DIRECTIONS FOR THIS TASK
Leave out any pictures and transcribe all other data below exactly.

━━ SOURCE DATA

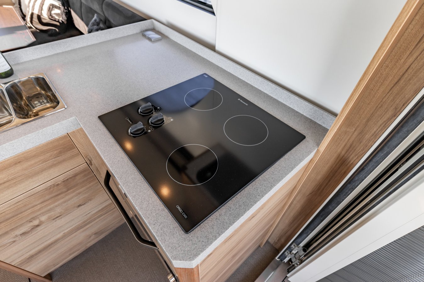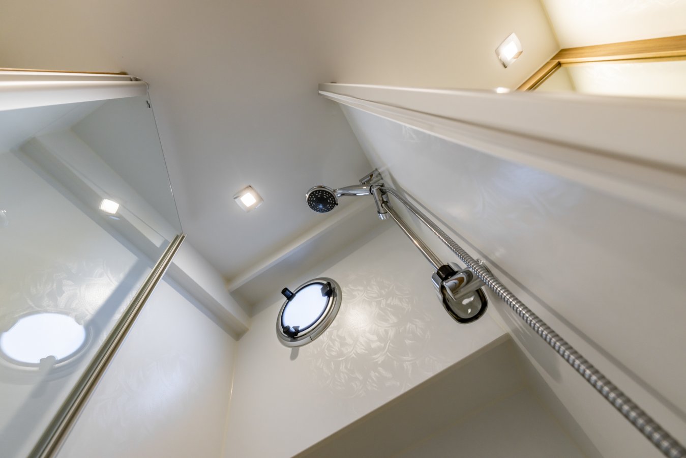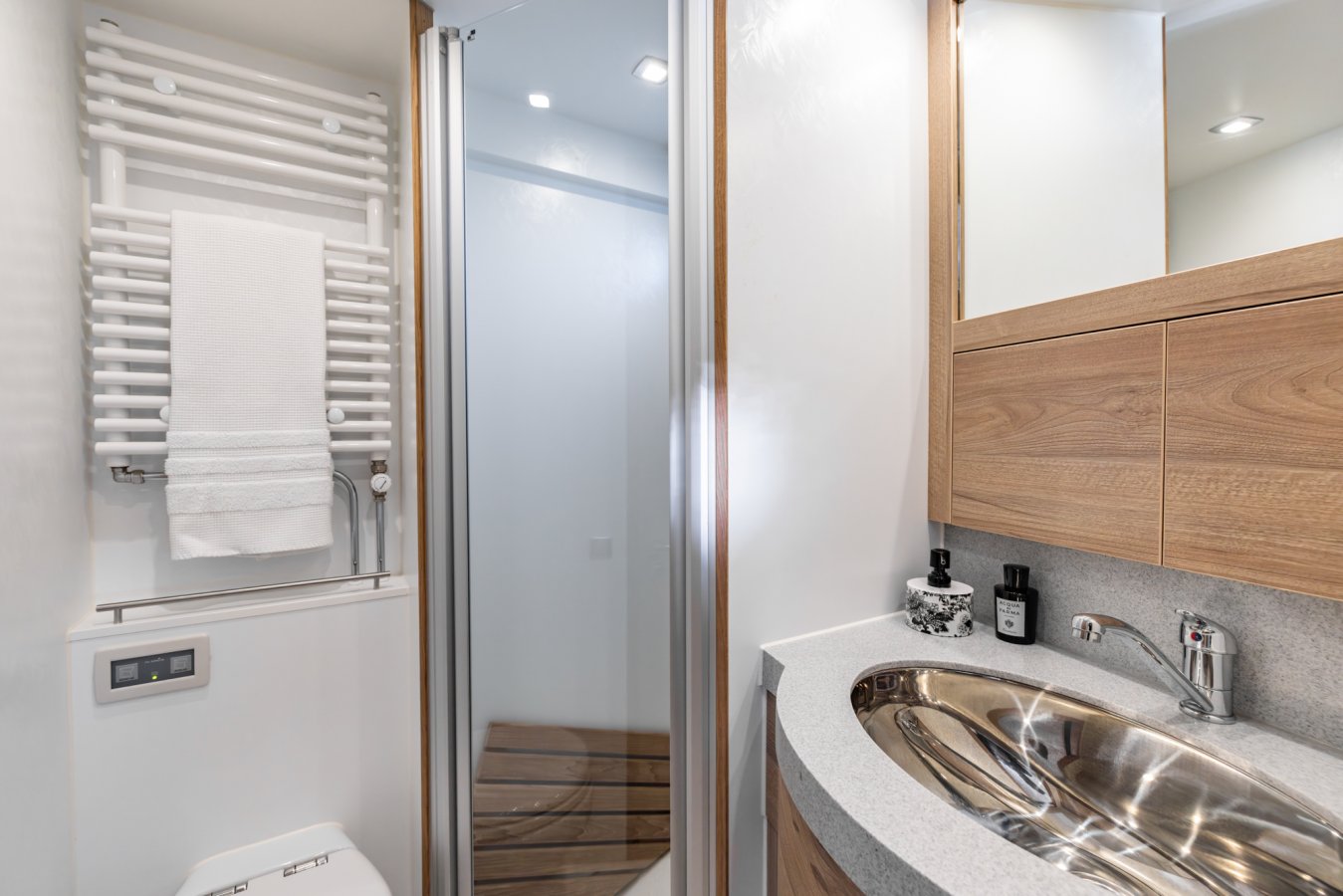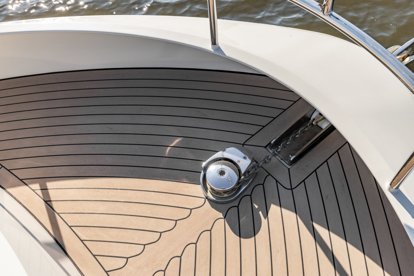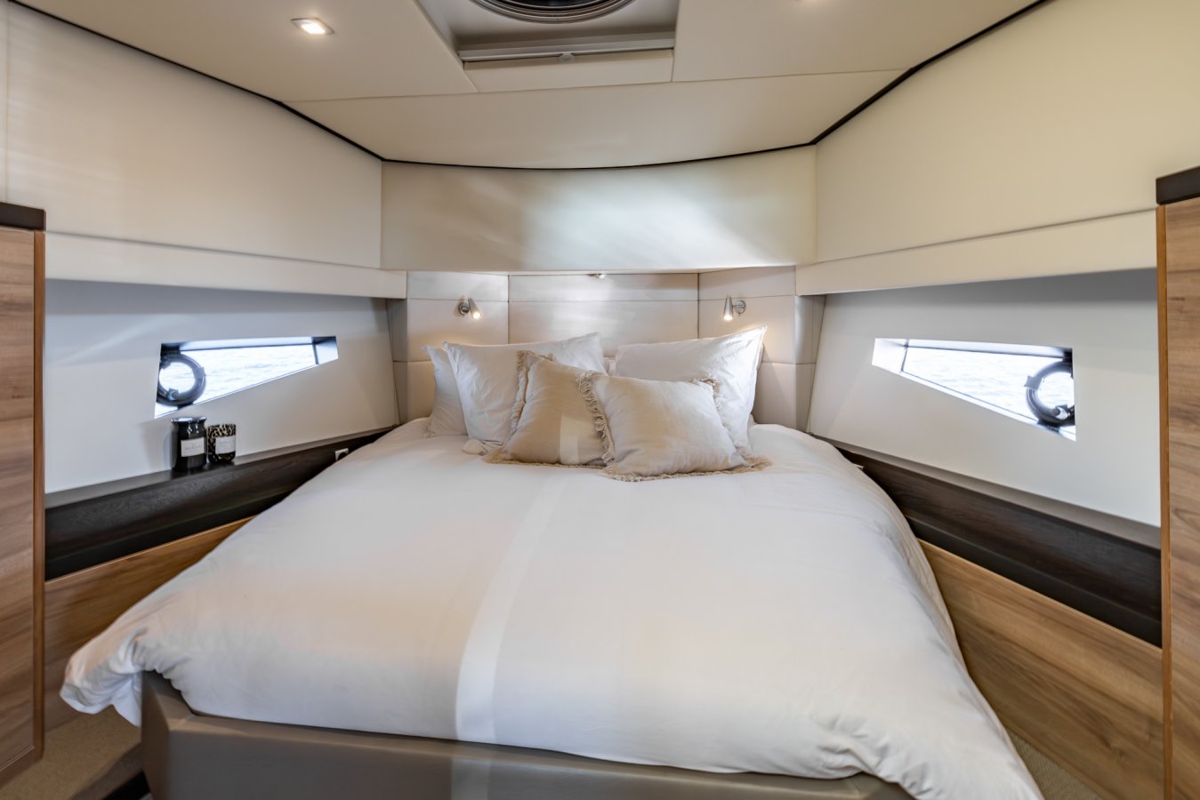 Gebogen frontramen, ramen grijs getint zonwerend securit glas. Panorama-ramen in slaapkabines (acrylaat). Patrijspoorten klapbaar: 5 x. Voorste salon ramen voorzien van een zonwerende 'cover'
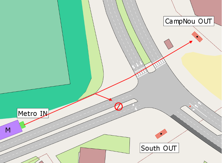 The shortest path between Metro IN and CampNou OUT takes pedestrians over an available crossing, but there is no available path between Metro IN and South OUT.
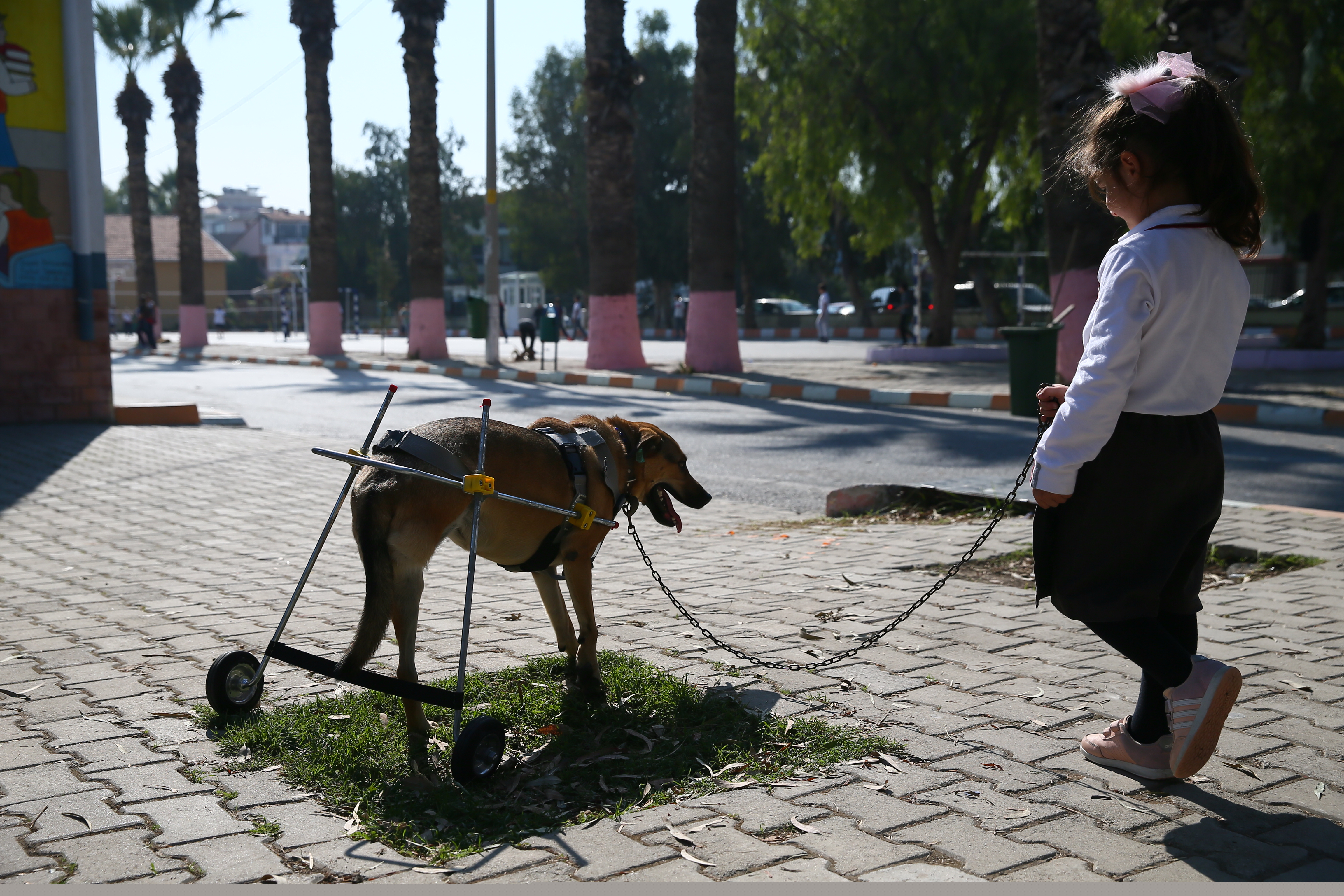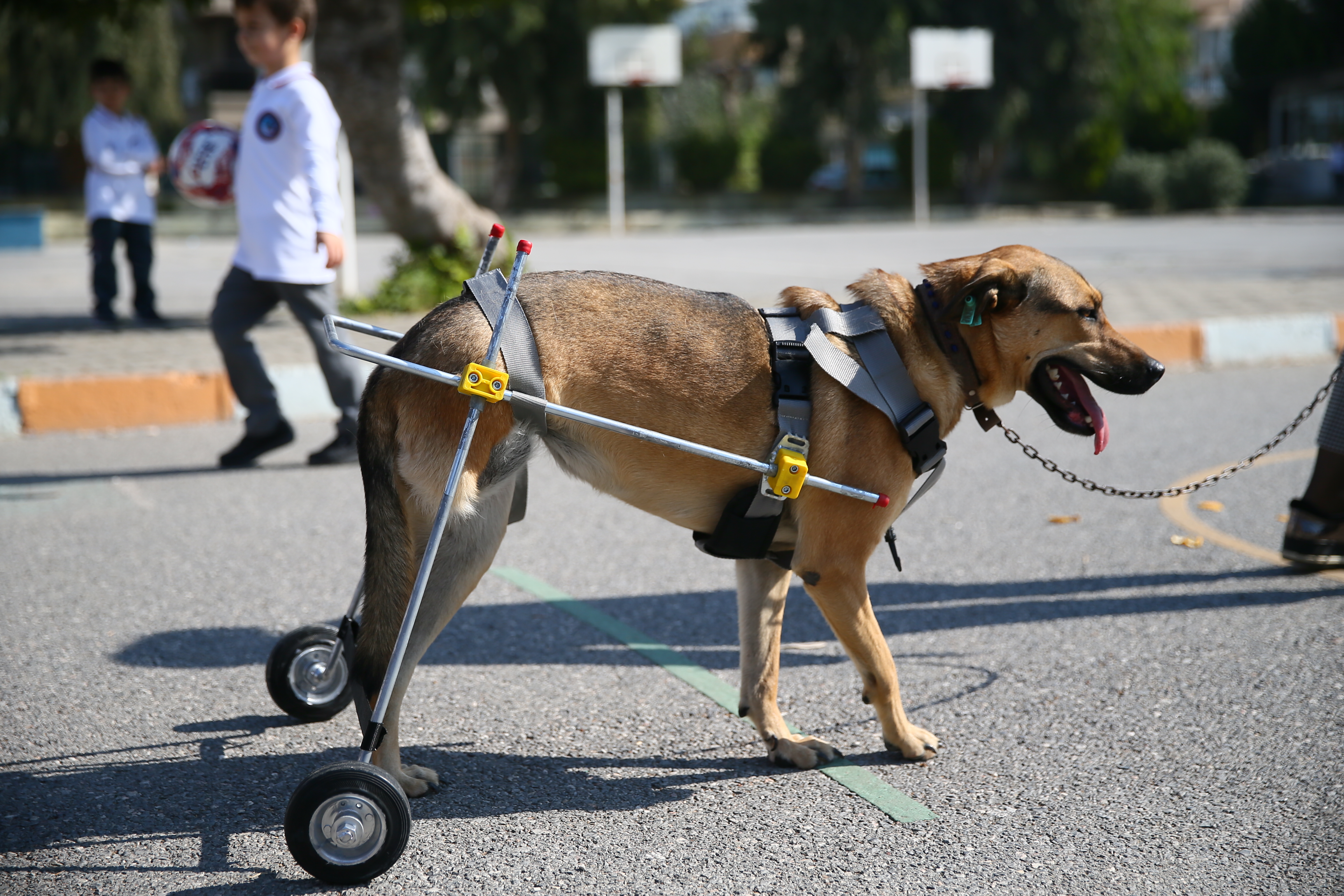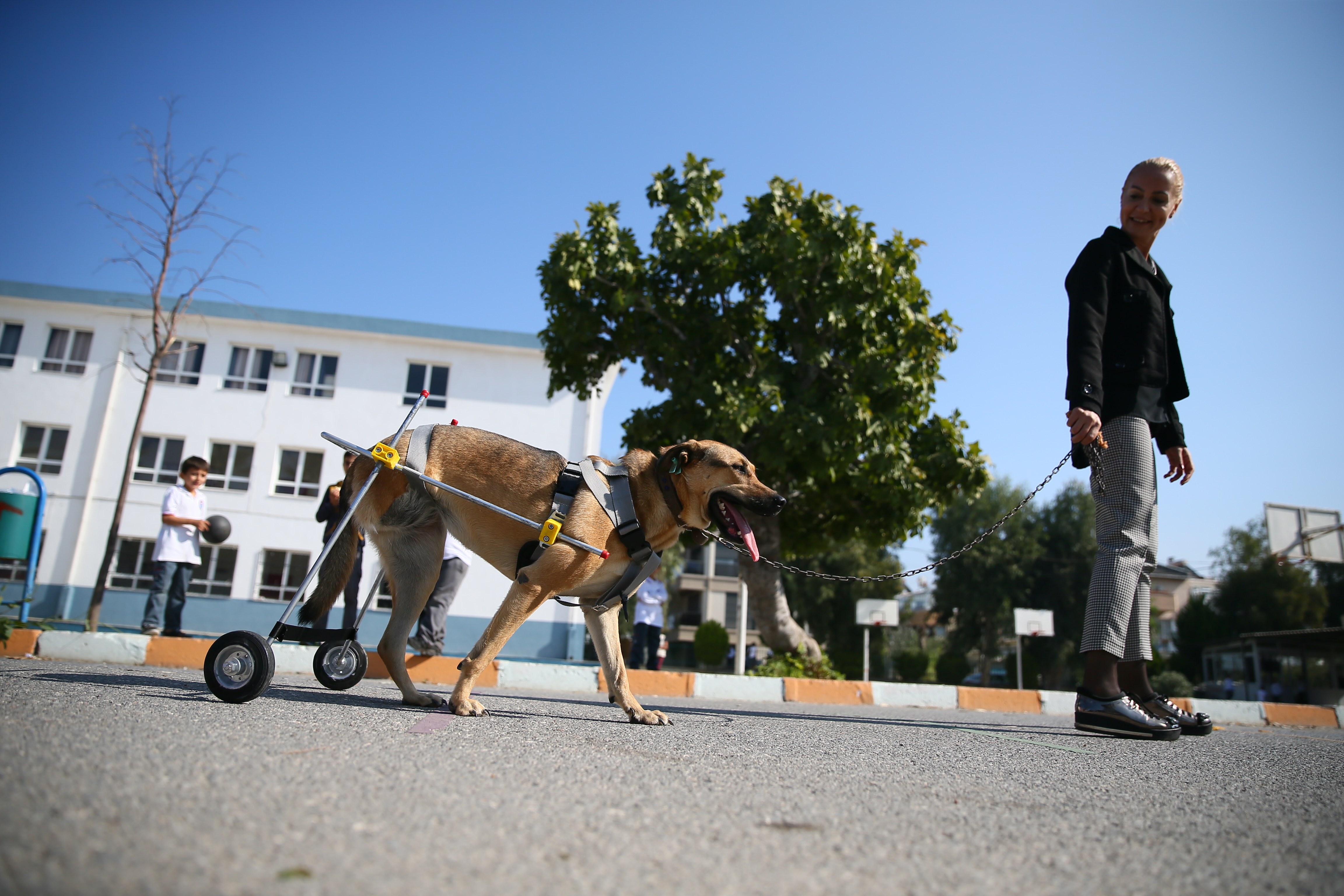 Öğretmenin girişimleri sayesinde, aracın çarpması sonucu arka bacağı kopan "Fıstık" adlı köpek de protez yürütece kavuştu.

━━━━

ANSWER TO THE PROBLEM
 Gebogen frontramen, ramen grijs getint zonwerend securit glas. Panorama-ramen in slaapkabines (acrylaat). Patrijspoorten klapbaar: 5 x. Voorste salon ramen voorzien van een zonwerende 'cover'
 The shortest path between Metro IN and CampNou OUT takes pedestrians over an available crossing, but there is no available path between Metro IN and South OUT.
 Öğretmenin girişimleri sayesinde, aracın çarpması sonucu arka bacağı kopan "Fıstık" adlı köpek de protez yürütece kavuştu.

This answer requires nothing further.